I am a migrant.  It took me two months to migrate from Canberra to London but that was by choice and was an excellent adventure.  I was fortunate to have a round-the-world plane ticket and comfortable accommodation booked.  I also had somewhere to stay when I arrived and a passport that would let me stay.  Many others are not so lucky.

My two ancestors also took around two months to travel between England and Australia, leaving Liverpool on 16 February 1861 and arriving in Melbourne 75 days later.  They travelled on the most technologically advanced ship that existed at the time, Brunel’s SS Great Britain.  The SS Great Britain is now a very good tourist attraction in Bristol (see photo) so it is possible to get a good idea what life was like for migrants on the ship.  I visited the ship last year and learnt a lot.

SS Great Britain, in Bristol.
 So who was on board the SS Great Britain?  My ancestor Sarah Pilling nee Holden and her daughters Betsy (also my ancestor) and Sarah, aged 6 and 3 respectively.  They were travelling to join husband and father John Pilling who was already in Australia, having departed England four years earlier, also on the SS Great Britain, probably leaving behind a pregnant wife (I don’t know Sarah Pilling’s date of birth).

The Pilling family came from Haslingden, Lancashire, not far from Manchester.  At that time, cotton mills were the main industry in the area and the Pilling and Holden families worked in the mills, mostly as weavers.  Hours would have been long and the work was hard.  Like many in that part of England, they were Baptists, non-conformists, which may have led to some discrimination and disadvantage.  So life in England was not easy for them.

John Pilling was a book keeper and had gone to the goldfields in Victoria, perhaps to seek his fortune and a better life for his family.  I assume things worked out for him as his wife and children eventually followed.  I wonder if the long delay was due to the family waiting until they felt the younger Sarah was old enough to travel.  Whatever the reason, it seems to mirror what still happens with migrants today with one family member migrating in the hope of bringing the rest of the family along later.

First class cabin
Steerage cabin
Seeing the SS Great Britain was an eye opener for me.  While the first class cabins looked reasonably comfortable although not luxurious by modern standards (see photo), life for the steerage passengers didn’t look quite so nice.  I assume that Sarah and her children travelled in steerage; there is no indication that the family were well off.  In steerage, Women and children were accommodated in cabins whereas men were more likely to have been in long dormitories (see photo).  The cabins (see photo) were tiny, with four narrow bunk beds.  Some luggage would have been stored in a trunk under the beds in the room, the rest in the hull.  It is likely that Sarah and her two daughters would have shared one bunk.  The other beds would be filled by strangers.  It is hard to imagine just how cramped and uncomfortable that would have been.

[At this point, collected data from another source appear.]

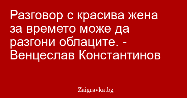 Разговор с красива жена за времето може да разгони облаците. - Венцеслав Константинов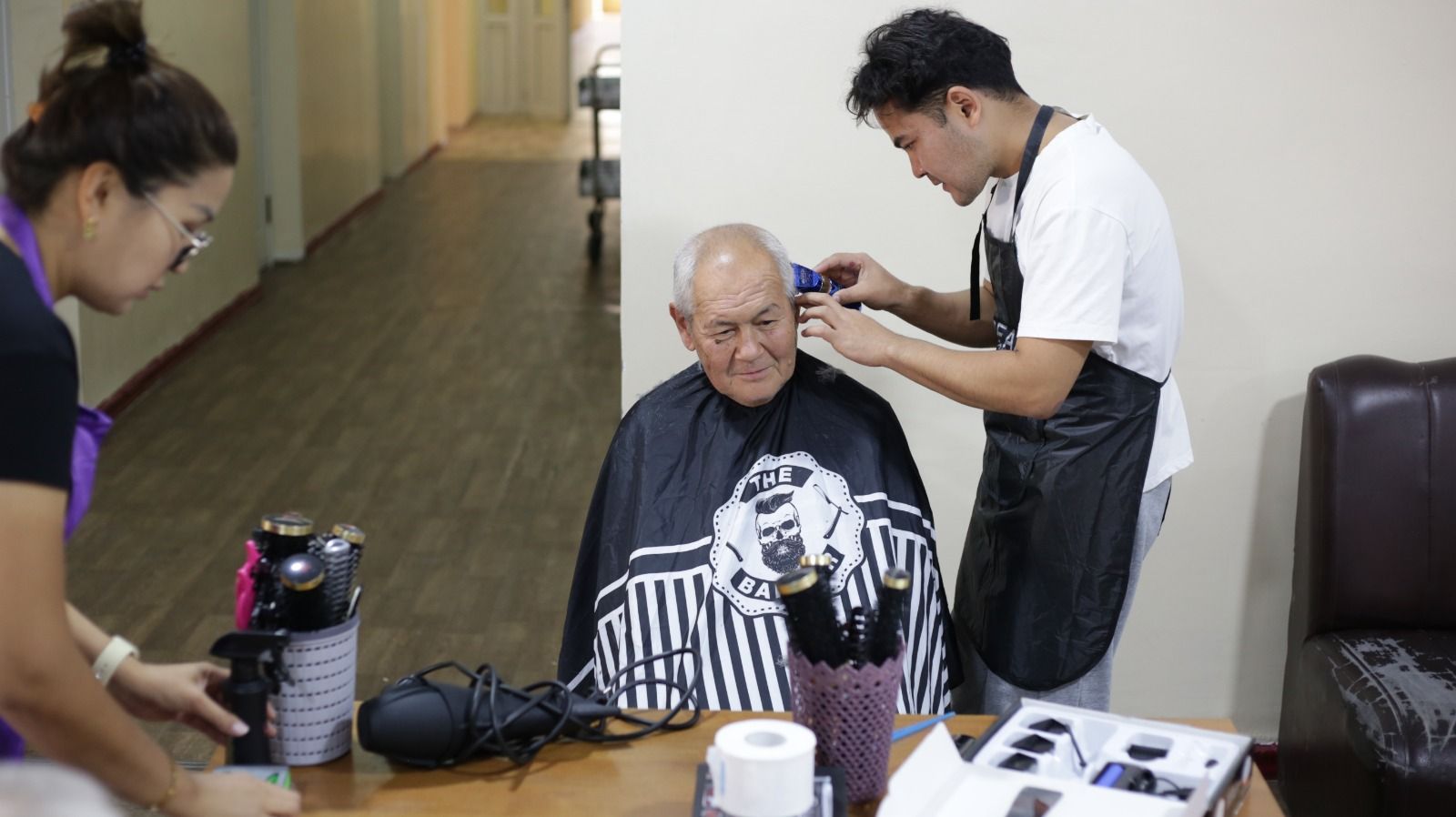 «Мухабат» сулуулук салонунун чеберлери чоң ата, чоң энелерге модалуу чач жасалгаларын жасап, 35ке жакын адам сулуулук кызматын пайдаланышкан.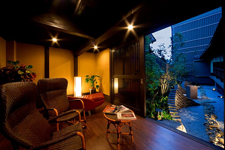 中庭を望むリラクゼーションルーム“坐忘“では、低反発マットレスと岩盤ストーンで作られたチェアがあり心と身体を同時に癒せます。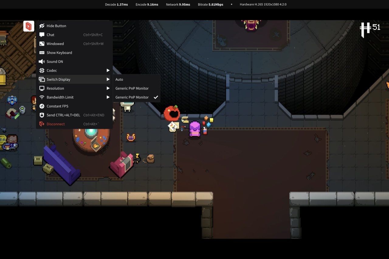 配合上面的Coop View使用Parsec或Sunshine远程串流时,主机端和客户端可以用各自的键鼠进行操控。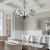 Bring nature-inspired elegance into your home with the Golden Lighting Calla 6-light Chandelier in Natural Black. Featuring a glass shade and a Natural Black finish frame, it creates a welcoming atmosphere. The hammered water glass shade boasts an irregular texture that beautifully refracts light, contributing a captivating glow to your interiors. This finish has a soft, grounded appearance that complements various styles, from modern farmhouse to industrial. Designed for dry locations, this chandelier is sloped-ceiling compatible with an adjustable height ranging from 25.75" to 99.5". Its overall dimensions are 27.75"W x 22.25"H x 27.75"D, and it requires 6 E12 Candelabra base bulbs (not included), with a maximum of 60 watts per bulb. Elevate your dining area with this chandelier's quality craftsmanship and artistic flair.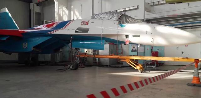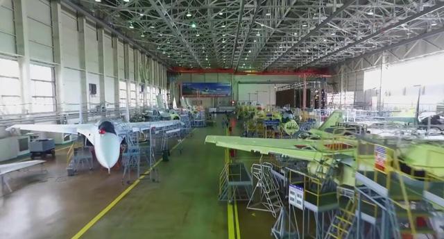 俄共青城飞机制造厂内的苏-35S战机生产线内景。

Steerage dormitory style accommodation
When not in the cabins, steerage passengers had limited access to the deck and weren’t allowed near the first class passengers.  There was none of the entertainment or facilities that are available on a modern cruise ship, so passengers had to find ways to amuse themselves.  According to the SS Great Britain exhibition, drinking was rife so Sarah would have had to protect her daughters from unsavoury behaviour.  On the positive side, all the teetotaller Baptists on board would have held religious meetings and would generally have looked out for each other.

While this sounds like a challenging journey, it was probably the most luxurious and easiest for any of my ancestors who migrated from the United Kingdom to Australia in the eighteenth and nineteenth centuries.  Other ancestors experienced things like epidemic disease sweeping through the vessel or ship wreck.  Some of my ancestors had no choice about migrating, being soldiers or convicts.  As for the others, I think they must have been very brave or very desperate to travel around the world in such conditions.  I am grateful that I can now do the journey in just under 24 hours in the relative comfort of a modern airplane.


Notes on lineage: Me > Mum > John Macdonald Charley > Constance Mary Macdonald > Besty Pilling > Sarah Holden

4 comments:

  1. Fascinating insight into life on board. Now a trip to Bristol is on my growing bucket list.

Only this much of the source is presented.